Subsequently, the combined analysis of both morphological and molecular data sets presented here might clear this up (Fig. 13). Anguilliformity still seems to be plesiomorphic within the Clariidae given of the basal position of a fusiform G. typus. On the other hand, body elongation still is the result of parallel evolution, with the elongate Channallabes taxa arising from three different fusiform Clarias ancestors.

The basal position of G. typus is unexpected, but may be explained. First, when mapping the degree of anguilliformity on the tree, the common ancestor of G. typus and all other clariids cannot be determined unambiguously (Fig. 14). Additionally, incorporating the biogeography of the different OTUs, G. typus is the only representative from the Niger delta, whereas all other anguilliform taxa are from the Congo basin and Lower Guinea ichthyological province. Secondly, for the reason mentioned above, it seems very unlikely that anguilliformity is plesiomorphic in clariids. In the analysis of Agnèse and Teugels (2005), based on Cytochrome b sequence data, G. typus groups with Clarias ebriensis and C. pachynema, where the former also occurs in the Niger River delta. This could mean that G. typus could be considered as an anguilliform branch of an early West African lineage, with a non-anguilliform ancestor. Other studies have suggested alternative positions for G. typus within the Clariidae, so at present no consensus can has been reached (Graham 1997; Teugels and Adriaens 2003).

Morphological co-evolution with body elongation

Even though the degree of anguilliformity (see definition in Introduction) may be unique in the clariids, body elongation itself is not unique, but has occurred several times throughout vertebrate evolution, in other teleosts, amphibians and reptiles (Gans 1975; Lande 1978; Nelson 1994). This elongation is observed to sometimes co-occur with a whole set of morphological changes, e.g. increase in the number or size of vertebrae, limblessness, reduction of the eyes, and/or increasing rigidity of the skull (Gans 1975; Lande 1978).

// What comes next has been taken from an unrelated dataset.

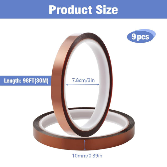 9 Rolls 10mm×30m (98Ft) Sublimation Tape Heat Transfer Tape High Temperature Heat Resistant Tape, Heat Tape for Sublimation Heat Press Electronic Soldering Masking, No Residue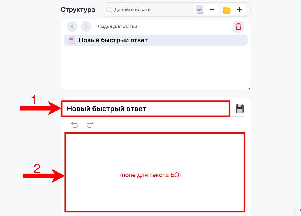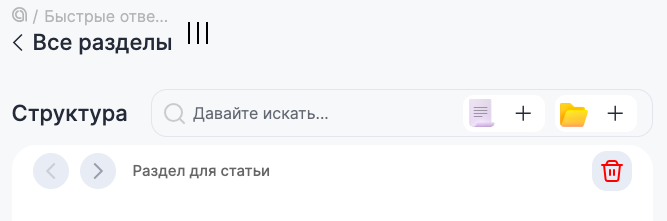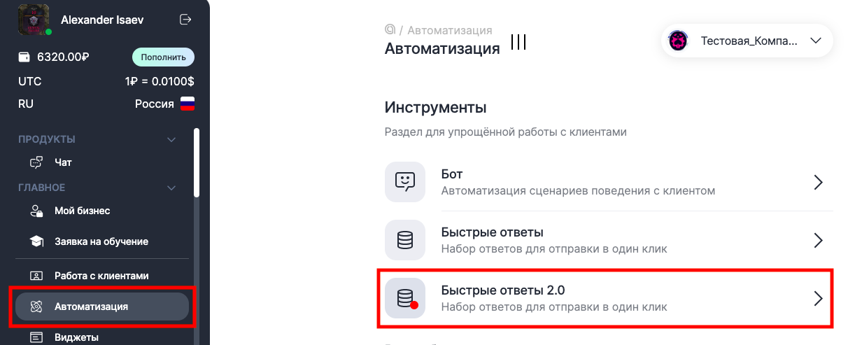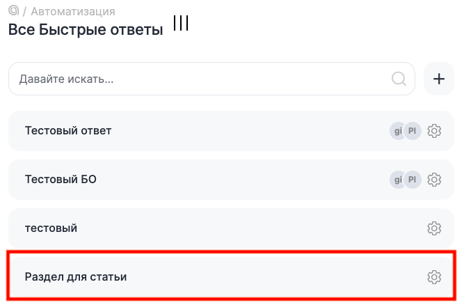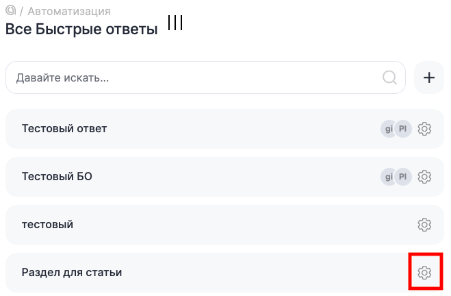 1. В разделе «Быстрые ответы 2.0» выберите нужный раздел. Нажмите на

Co-occurrence of similar traits is also observed in clariids. Elongated clariids have a significantly higher number of vertebrae (Devaere et al. 2001, 2004). Although all Clariidae are diagnosed with small eyes, the eyes of the anguilliform species are clearly smaller and sometimes even completely absent (Devaere et al. 2005a). It is further shown that elongation in clariids co-occurs with a loss of paired fins (Adriaens et al. 2002). Although, the general skull morphology in elongated clariids shows a reduction or even loss of some bones (e.g. lateral bones), there is an increased rigidity, through the outgrowth of several interdigitation zones (Devaere et al. 2001). Many of these characters also seem to determine the topology of the morphology based phylogeny (e.g. characters 3, 4, 5, 11, 16 and 18) and lead to the grouping of the elongated species. In the combined analysis, however, the correlated morphological changes appear to be the result of convergent evolution and this on a genus level. Similar convergent evolution in vertebrates has occurred several times on a higher taxonomic level (Gans 1975; Lande 1978; Nelson 1994). Furthermore, the presence or absence of the paired fins appeared to differ on a population level, indicating the existence of a high level of phenotypic plasticity of traits that were generally considered as stable on a micro-evolutionary level, and even up to some degree on a macro-evolutionary scale (Adriaens et al. 2002).

Furthermore, Rieppel (1996) stated that in lizards, body elongation and limb reduction are generally correlated with miniaturization. Compared with species of Dinotopterus, Clarias and Heterobranchus, the skulls of the anguilliform species are very small and morphological transformations related to miniaturization are not excludible. When plotting the average skull length (% SL) on the combined tree (Fig. 14) of all the taxa, we see the clades that give rise to anguilliformity include those Clarias species with the shortest relative skull length. The clade including H. longifilis, D. cunningtoni, C. gariepinus and C. ngamensis, however, incorporates the species with the longest relative skull length (indicated with bold values and branches) (measurements from Boulenger 1906; Poll 1943; Teugels 1986).